Potatoes and vegetables:

  • 400 g Small potatoes cooked in their skins
  • 1 size Onion
  • 1 Red peppers
  • 1 Yellow peppers
  • 1 tbsp Butter
  • Pepper salt

Salsa:

  • 3 go. tsp Chives, finely chopped
  • 3 tbsp Parsley, finely chopped
  • 3 Garlic cloves, finely chopped
  • 4 Anchovies, finely chopped
  • 3 tbsp Olive oil
  • 3 tbsp White balsamic vinegar
  • 3 tbsp Organic lemon, zest
  • Pepper, salt, pinch of sugar

Mint Dip:

  • 200 g Greek yogurt
  • 80 g Creme fraiche Cheese
  • 1 Clove of garlic
  • 1 tbsp Organic lemon, juice
  • 1 tbsp Organic lemon, zest
  • Pepper, salt, pinch of sugar
  • 2 tbsp Mint finely chopped

Instructions
 

Potatoes and vegetables:

  • Wash the potatoes and cook them with the skin in well-salted water. Drain, rinse with cold water, peel and cut in half. Slightly larger possibly thirds. The pieces should be about 2.5 - 3 cm in size. Keep ready in a bowl covered with foil.
  • Peel the onion, cut in half, quarter the halves and leaf apart a little. Peel the peppers with the asparagus peeler. Halve, remove the core and stem, cut lengthways into wide strips and then cut them into diamonds. Keep everything ready in a bowl covered with foil.

Salsa:

  • Wash and dry the chives, cut into very fine rolls. Wash, dry and finely chop parsley. Skin the garlic, finely chop. Lightly de-oil the anchovies, chop finely. Put everything in a bowl and mix with the oil, vinegar and lemon zest. Season to taste with salt, pepper and sugar. Cover with foil and keep ready in the refrigerator until use.

Mint Dip:

  • Peel the garlic, cut into small pieces and grind into a pulp with coarse salt or finely crush on a board with a wide, flat knife. Put together with yoghurt, crème fraîche, lemon juice and zest in a bowl and stir well. Wash the mint leaves, dry them, finely chop and mix with the yoghurt. Season to taste with pepper, salt and sugar. Keep ready in the refrigerator covered with foil.

Flesh:

  • Remove the tendons and skins from the shoulder of the lamb and cut them into 4 cm pieces.
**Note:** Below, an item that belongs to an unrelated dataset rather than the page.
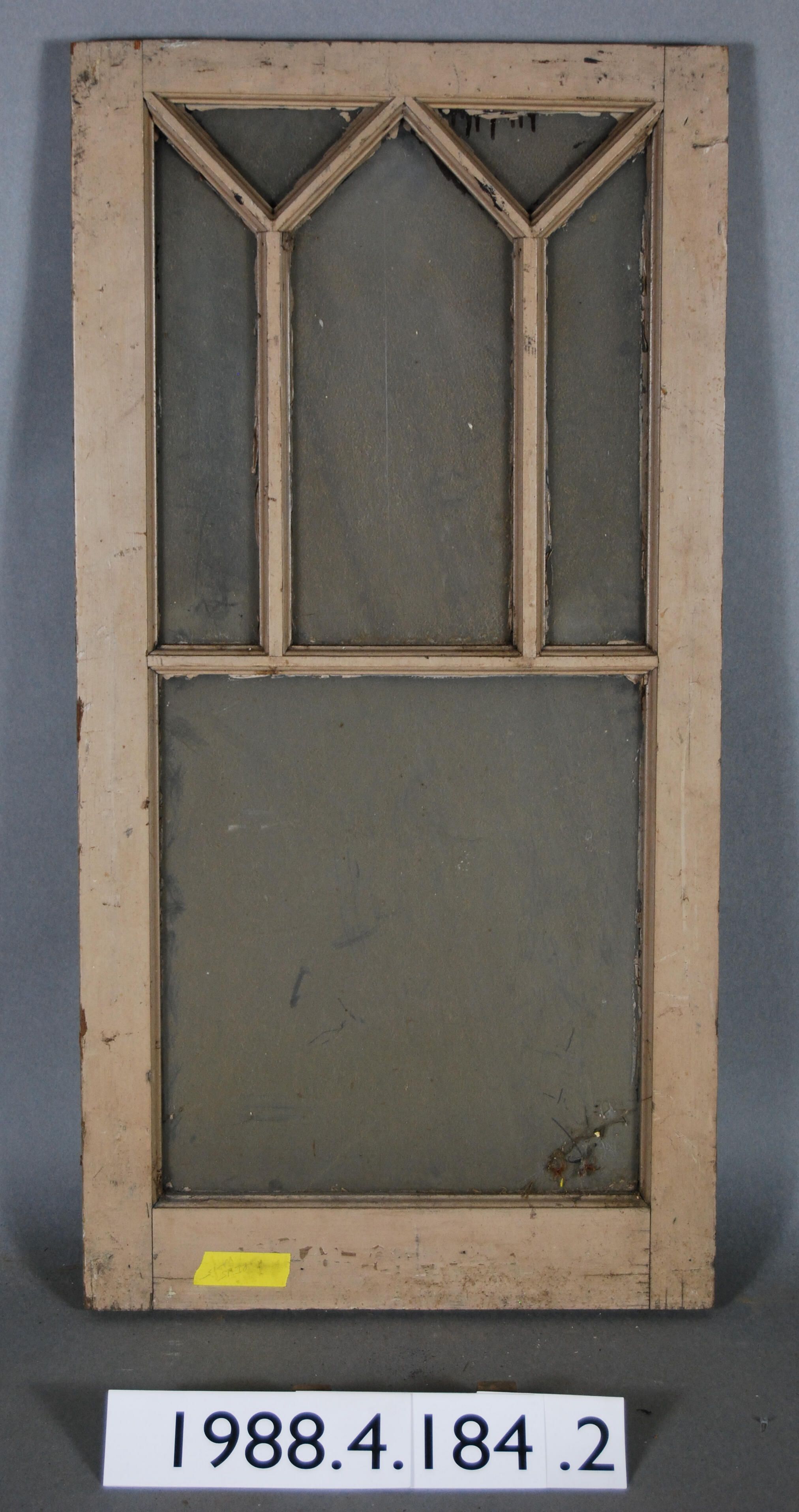 Rectangular. Mortice and tenon and coped joints. Segmented five openings divided by muntins above one larger opening, all with complete glass panes.

After that, the amount of meat should be approx. 500 g.

Preparation:

  • In a very large pan, let 3 tablespoons of olive oil get very hot and fry the pieces of meat in it for approx. 3 - 4 minutes all around. Pepper, salt and then immediately lift out of the pan and temporarily store on a plate.
  • Add 1 tablespoon of butter to the frying fat of the meat and briefly fry the onions in it. When they are translucent, add the potato halves and fry all over. When they take on color, fold in the bell pepper pieces and stir-fry everything until the bell pepper is cooked firm to the bite. Then add the meat and cook and heat for another 2 minutes. It should still be slightly pink inside ...... and everything can be served with the salsa and the dip ................... well then 'n good' n ..................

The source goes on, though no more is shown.